In 2007 Goonj’s sanitary napkin project ‘Not just a piece of cloth’ won the World Bank’s global development marketplace award. “In 2004-05, there was no information on sanitary napkins on Google. This basic hygiene did not find a mention in discussions. In Indian society, menstruation is a taboo and cannot be openly discussed,” Gupta says. 

“Even in the worst days of Goonj, we had the courage to say no. The easiest thing to do was to take money for popular subjects instead of talking sanitary napkins. Some people would tell me that ‘there is a project in AIDS, why don’t you take it?’,” he says.

“Women use the dirtiest piece of cloth, wash it and find it difficult to dry it. Washing itself is a problem as most hand pumps in the villages are located in public places. In slums, they dry it behind the door. Two to three women in a family share the same cloth and sometimes they even share it with their neighbours. In Sunderbans, I met a woman who had been using the same cloth over a year,” he adds.

“The problem with us is that we decide what problems people face, instead of asking them. How many funding agencies spend time in the villages to find out what problems the villagers have?” enquires Gupta, who travels 15 days a month to understand villages better,  build up capacities of people and spread the work as well as the idea.

“We find hope from the fact that we are working on something decided by local people. There are scores of girls in  villages who can’t go to school because there is no place to change when they menstruate.
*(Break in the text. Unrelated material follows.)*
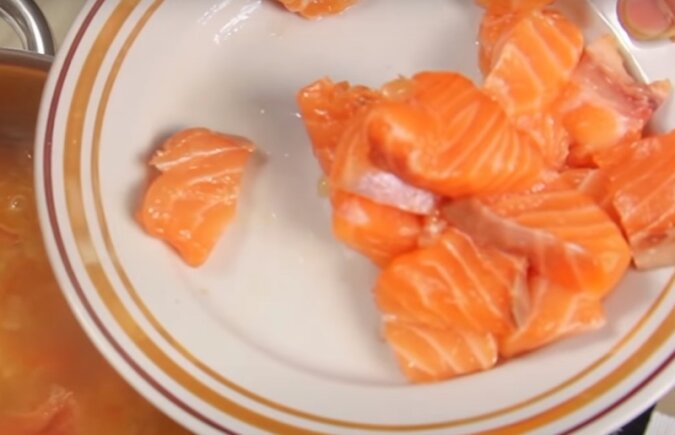 Gotuj zupę przez 15 minut, a następnie dodaj do garnka łososia, pokrojonego w średnie kawałki (możesz użyć inną rybę). Wymieszaj zupę i dodaj suszone lub świeże posiekane zioła.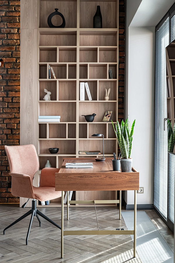 Эта квартира принадлежит холостому мужчине и оформлена на стыке лофта и контемпорари. Мебель и хранение подобраны в соответствии с общей концепцией. Здесь есть несколько закрытых систем, которые выполняют в первую очередь функциональные задачи. Но в спальне-гостиной дизайнер предусмотрела эффектный книжный стеллаж, который визуально зонирует рабочее место. На полках поместятся и домашняя библиотека, и отдельные предметы декора. А масштаб — стеллаж доходит до потолка — сам по себе привлекает внимание.

Most development stories I see around are based on numbers instead of assessing the ground-level impact,” Gupta says.

Assam is grappling with a flood situation and Gupta and his team is working overnight to ready its first relief dispatch to the victims. “I see many people rushing in to make contributions of clothes immediately after a disaster like floods or earthquakes. But in areas like Kashmir, don’t they have snowfall or sub-zero temperatures? Do disasters matter for homeless people?” Contributions should be regular and methodical, he insists.
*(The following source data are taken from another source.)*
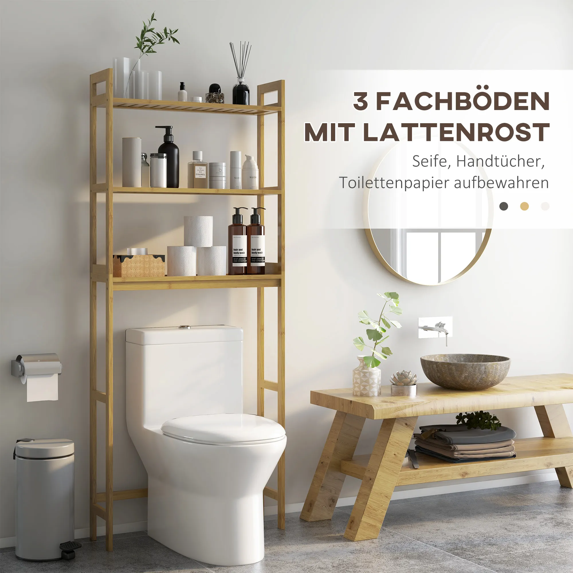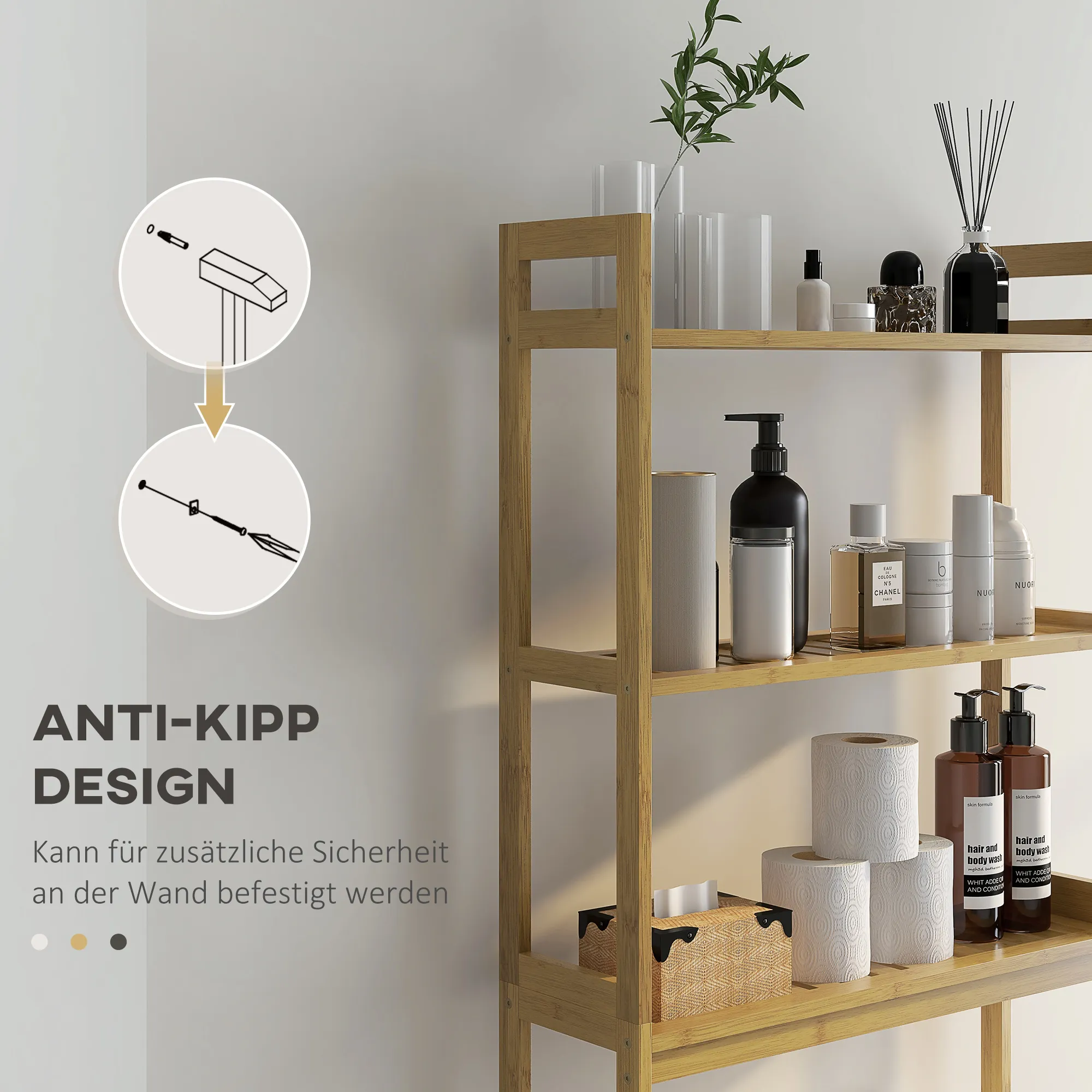 Nutzen Sie ungenutzten Platz in Ihrem Badezimmer und schaffen Sie zusätzlichen Stauraum für Badutensilien mit dem Schrank über dem WC. Mit seinen 3 offenen Ablagen im vertikalen Design ist das Badregal platzsparend und perfekt für kleine Räume geeignet. Der freistehende Schrank aus strapazierfähigem Bambus hat eine natürliche und warme Ausstrahlung und ist für den täglichen Gebrauch geeignet. Statt alles zu stapeln, haben Sie mit dem Bad-Organizer alles, was Sie brauchen, immer griffbereit.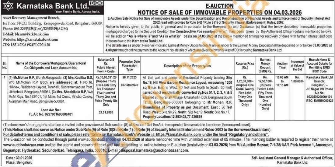 All that part and parcel of Residential Property bearing Site No. 18, Hill View Garden Residence Layout, measuring 1200 sq ft (ie. East to West: 40 feet and North to South: 30 feet) carved out of residentially converted Sy. Nos 51/1, 2, 3, 4, & 5 situated at Thurahalli Village, Uttarahalli Hobli, Bengaluru South Taluk, Bengaluru-560061 belonging to Mr.Mohan R.P. Boundaries of Property as per Document: East: 30 feet Road, West: Site No.22, North: Site No. 19, South: Site No. 17. Property Location:12.893408,77.536868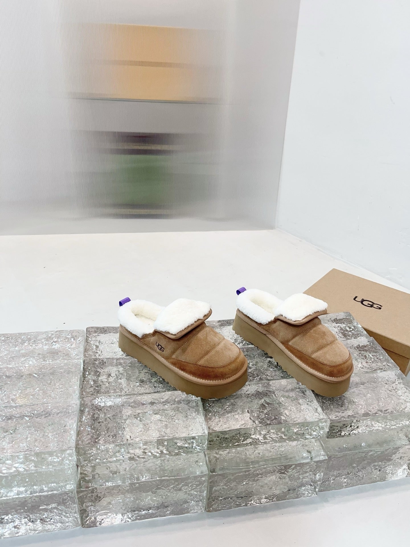 UGG Platform Ankle Puffer Brown Suede 522274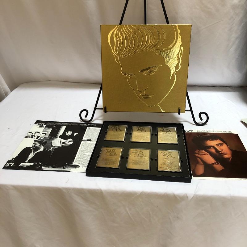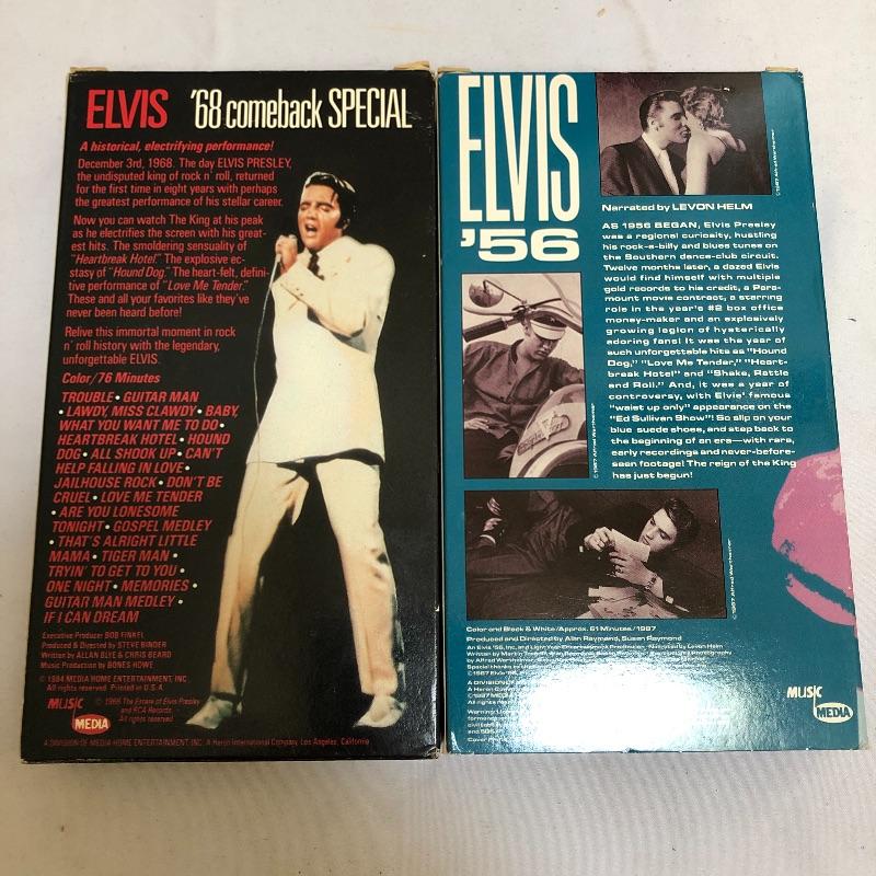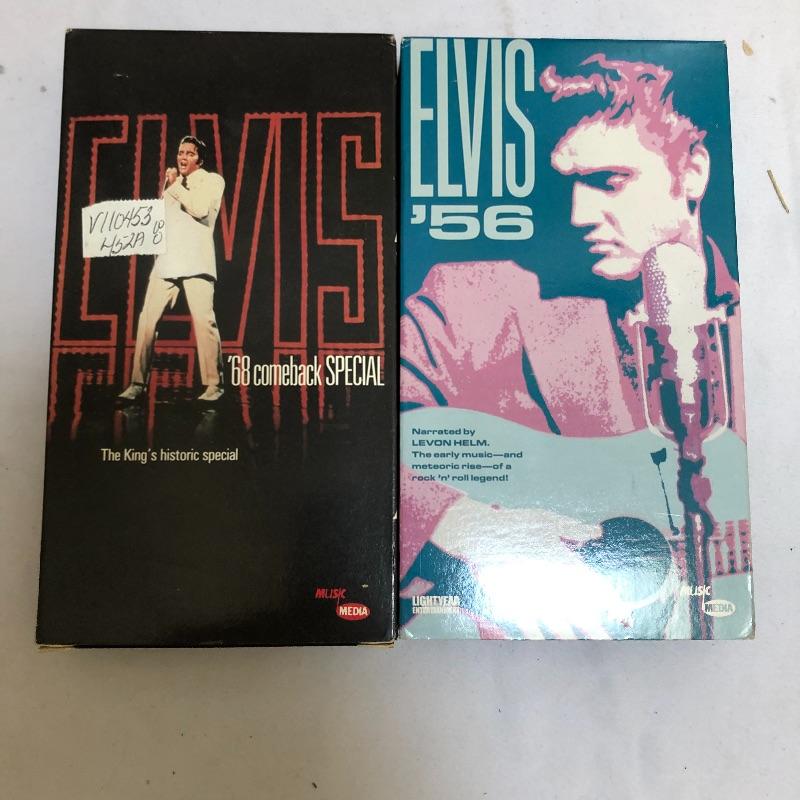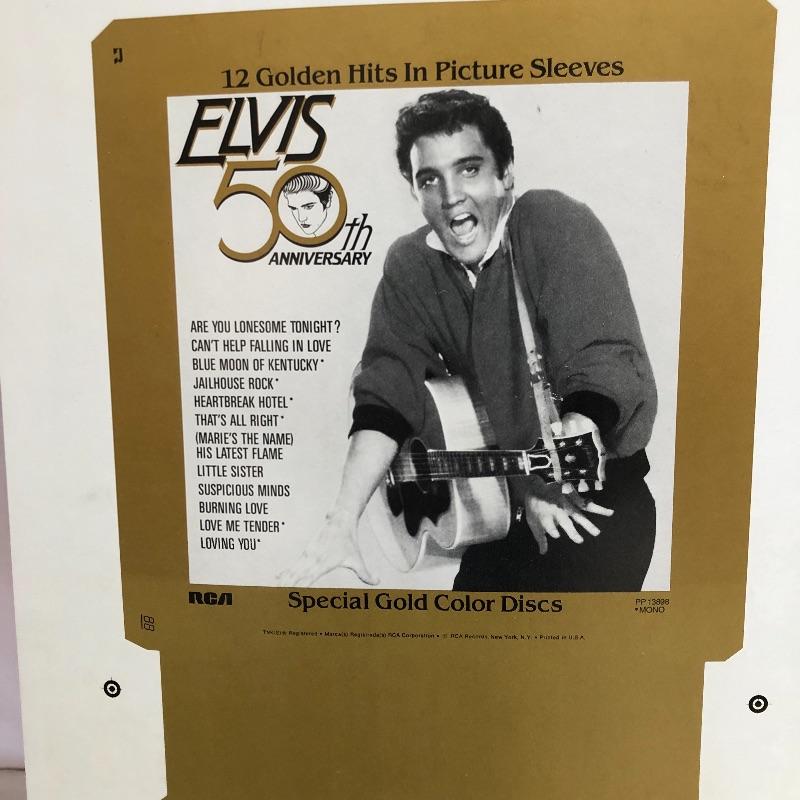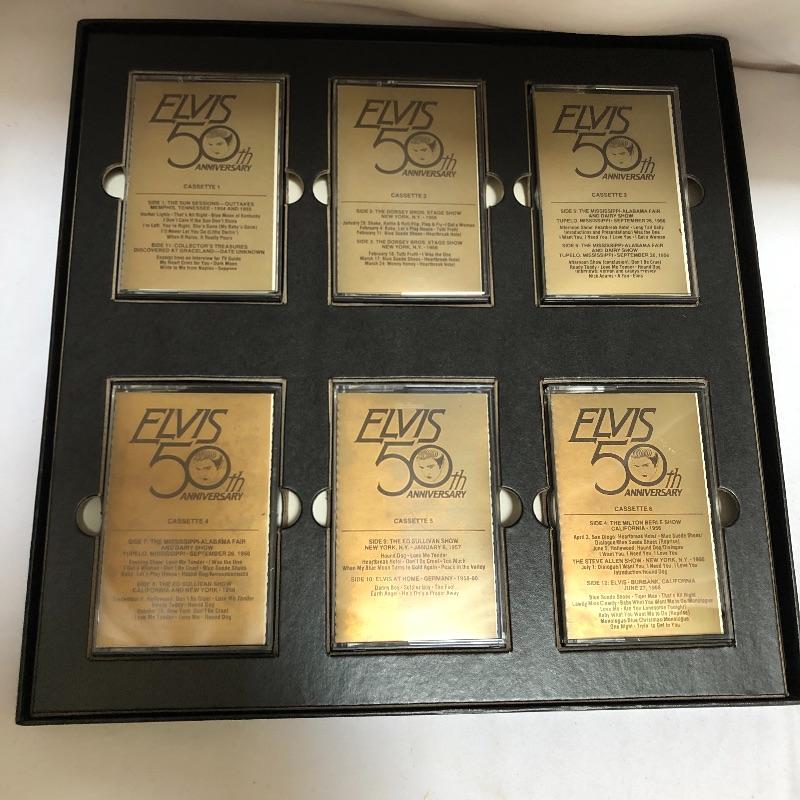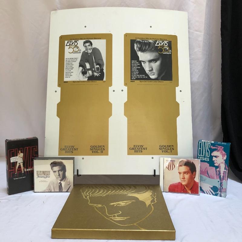 A great gift for the fan of the king of rock and roll. Lot includes two CDs, two VHS specials, fiftieth anniversary cassette set and a rare uncut double- record sleeves measuring about 22” x 26.”

“No discipline is followed by people while donating clothes. Saris and dhotis are of no use in an orphanage, but people will not think twice before making contributions,” he says. Goonj hosts campaigns to make people aware of the issue. However, handling logistics and the volume of contributions received is the biggest challenge for team Goonj, he says. But despite glitches which he accepts as part of the game, his has been a journey of satisfaction. “I don’t collect clothes for somebody I know. Neither do I get them from somebody I know. Goonj is a tool, it is an idea, an effort. And I do it all for that old man in the gunnysack on that cold winter night.”